While census data in Africa are often inconclusive, Africa may well be the only continent in the world with a Muslim majority. Even conservative estimates suggest that more than 40% of the continent's population is Muslim. It is well known that Islam is the majority religion in Africa north of the Sahara; this part of Africa is, in the West, often detached from Africa and assimilated to the Middle East or the Arab World. It is much less well known that today Islam may be the most widely professed faith south of the desert, in what westerners have often called Black Africa, as well. Roughly 1/6th of the world’s Muslim population can be found in sub-Saharan Africa. How did this come to be? How has the adoption of Islam by Africans shaped their history? And, conversely, how have Africans shaped Islam?
The goal of this course is to begin to provide answers to these questions. We will examine African Islamic history beginning with the earliest Muslim migrants from Arabia to Ethiopia in the early 7th century CE, until the dawn of the 21st century.
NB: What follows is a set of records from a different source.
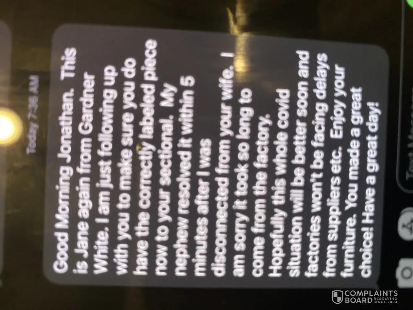 My husband and I ordered a couch mid October for a new home and were told by Jane and the Gardner white location if macomb mi off of Hayes road. She assured and reassured us at the time it would be here no later than late November. 4 months later, we received the couch-with the cuddler on the wrong side. I reached out to Gardner white and spoke with Jenny I...
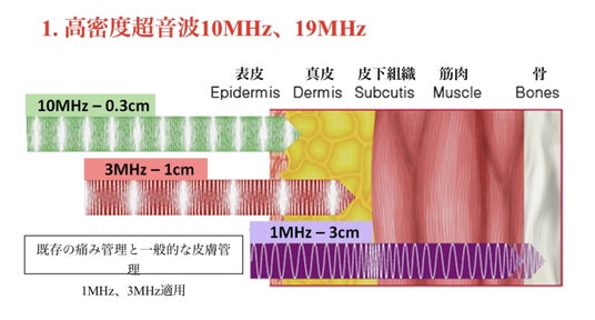 1つのブローべから最大4つの周波数を高速で切り替えることで、肌の深部に振動エネルギーを届け、細胞の再生と修復を促す医療用高密度超音波機器です。
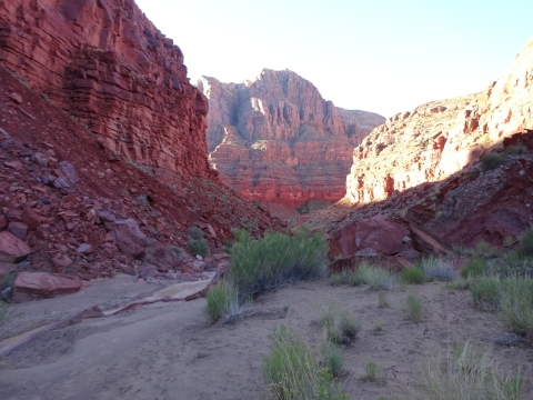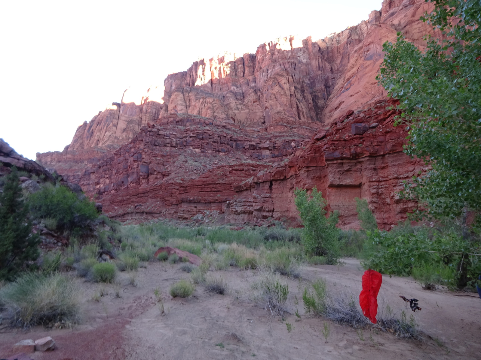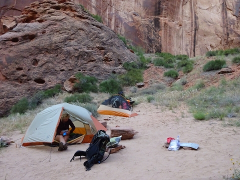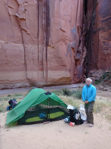 After about another hour or so we found a nice knoll with a couple of great campsites. Tony and I felt pretty darned exhausted. We went to sleep after dinner before it was even dark yet. I slept so well on this trip, better than I do at home. Probably because there were no orange lunatics to worry about. Just orange cliffs and us lunatics.
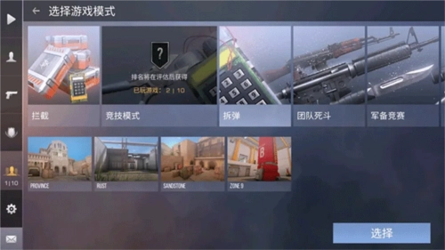 现阶段游戏模式仅有:拦截模式、竞技模式、拆弹模式、团队死斗、军备竞赛以及狙击对决。在此便不详细阐述游戏规则了。
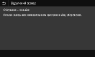 Екран ГоловнийНеможливо перейти до наступного кроку, якщо відображається наведений нижче екран <Remote Scanner>. У такому випадку виберіть елемент
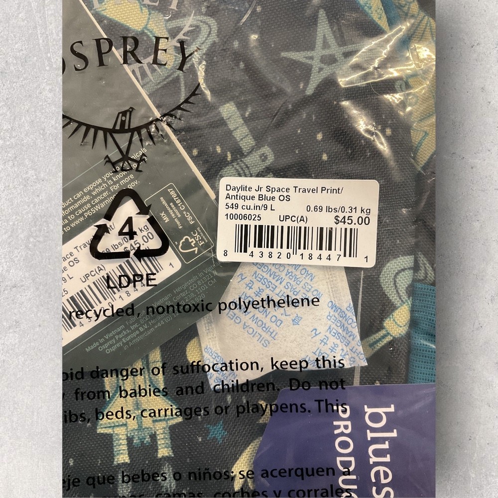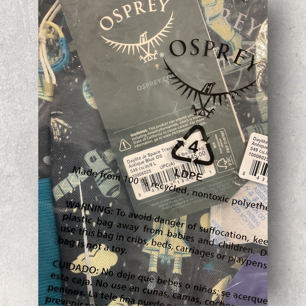 • Brand: Osprey • Model: Daylite Jr • Color/Pattern: Space travel print – black background with rockets, satellites, planets; blue accent pockets • Size: Youth / Junior size – ideal for school, day trips, or travel • Material: Durable, lightweight polyester (bluesign® approved) • Compartments: Main zippered compartment, front pocket, side mesh pockets • Straps: Adjustable padded shoulder straps for comfort • Capacity: Approx. 10 liters • Condition: Brand new with tags, still in sealed original packaging • Perfect for kids’ school use, sports activities, hiking, or travel adventures • Osprey Jr kids backpack • Space travel rocket print • Lightweight school bag • Daypack for boys or girls • Bluesign approved eco-friendly bag • Durable travel backpack • Small hiking daypack • New with tags backpack Original price: $45

No prior knowledge of Islam is presumed or required, and much of the course will be dedicated to using historical methods to understand Islam as a system of religious meaning.
Covering fourteen centuries of Islamic history on the African continent could never be accomplished in an exhaustive fashion in fourteen weeks, so our approach will be to draw an outline of the historical development of Islam on the African continent, and then
focus more intensively on specific regions and particular themes.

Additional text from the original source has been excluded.